Barnet Woolf FRSE (24 November 1902 – 20 March 1983) was a 20th-century British scientist, whose disciplines
had a broad scope. He made lasting contributions to biochemistry, genetics, epidemiology, nutrition, public health, statistics, and computer science. His name appears in the Hanes-Woolf plot: a mathematical plotting of chemical reaction times.

Life & Politics
Born and raised in Hackney, the son of a cabinet maker, and influenced by the deprivation of the East End of London he joined the Communist Party as a founder member in 1920. In 1936 he helped to organise at Cable Street where demonstrators prevented the Mosleyites marching through the Jewish East End. He left the Party in 1939 due to the Molotov-Ribbentrop Pact but rejoined in 1941 when the USSR joined the war. He finally left in 1949 due to profound disagreement with the way Lysenko's flawed science was adopted in the Soviet Union.

Science
In 1921 Woolf gained a place at Sidney Sussex College, Cambridge,something that would have been unaffordable without a full scholarship, to read for the Natural Science Tripos, and graduated in 1924 with a double first. He remained in Cambridge, working in the Sir William Dunn Institute of Biochemistry under Sir Frederick Gowland Hopkins., on a series of schlarships. In 1930 he gained a PhD for a thesis on ‘Resting Bacteria and Enzyme Action’ and was one of the first people to do e-coli biochemistry. Colleagues at the Institute included JBS Haldane, Joseph Needham and Norman Pirie.

From 1934 to 1940 he worked at the Clinical Laboratory of the London Hospital under Professor John Marrack, where his research turned towards social medicine, and in 1940 he became Owen Research Fellow at Birmingham University under Lancelot Hogben.

Woolf's statistical research on infant mortality in the large towns of England and Wales during the decade 1928-38 demonstrated how poor social conditions caused infant deaths. Published in 1945, his paper was described by a scientific reviewer in 1996 as ‘a model study of inequalities in health.

During WW2 Woolf worked as a statistician in the Medical Research branch of the War Office, analysing issues such as the efficacy of penicillin treatment of battle wounds. Reports of this and other work were for restricted circulation.

After the war he was appointed to the staff of Edinburgh University, first in the Department of Social Medicine and then in the Department of Genetics, where he was promoted to Senior Lecturer and finally made Reader in 1969.

In 1947 he was elected a Fellow of the Royal Society of Edinburgh. His proposers were Francis Albert Eley Crew, James Gray Kyd, Lancelot Hogben and John Du Plessis Langrishe.

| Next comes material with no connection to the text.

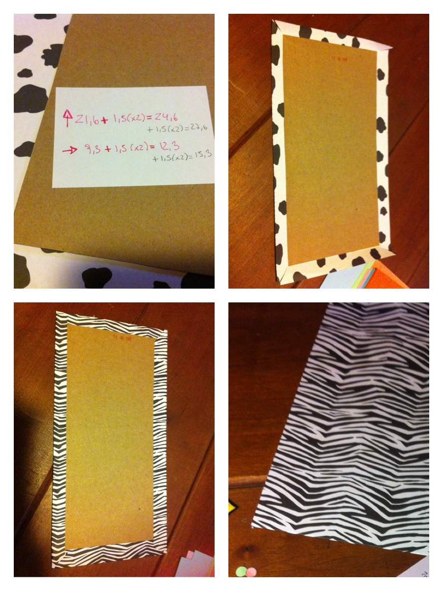 1. Ahora, para forrar el cartón, tomé el papel con diseño por el lado que no usaré, que en este caso es el de vaca y puse cerca del borde el cartón ya recortado. Y le dí 1,5 cm de margen hacia todos los lados y marqué con un lápiz mina para recortar el papel. Fíjense que al tomar la medida y antes de cortar, el papel tenga el diseño hacia el lado correcto. Si van a usar un papel de cebra por ejemplo, fíjense que las líneas de cebra quedarán horizontales y no verticales una vez que hayan recortado el papel.

At Edinburgh University, he was notable for providing a statistical and computational service for research workers in the medical and other faculties.

Woolf was interested in the computing procedures required in statistical methods. His FRSE obituary notes that ‘Woolf's 1951 paper on "Computation and interpretation of multiple regression" is a model of clarity of exposition and was to become very widely used.

With his interests in methods of calculation he foresaw the importance of computers in statistics, and pushed for the development of computing the university, which was not in the forefront of computing in the early 1960s.

Writings
Woolf was a considerable wit and the lyricist of satirical songs on politics for Unity Theatre in the late 1930s and early 40s, many with melodies by the American Big Band leader Van Phillips. A number of these songs published by the Workers Music Association. The best known of these is " Pity the Downtrodden Landlord," which has been recorded by, among others, The Weavers, Alfie Bass, Stan Kelly, Oscar Brand and Fred Hellerman, and was published in America in 1948 in ‘The People’s Songbook’. The editors noted that the song 'was caught up by thousands of United States tenants threatened with eviction when Congress lifted rent controls.’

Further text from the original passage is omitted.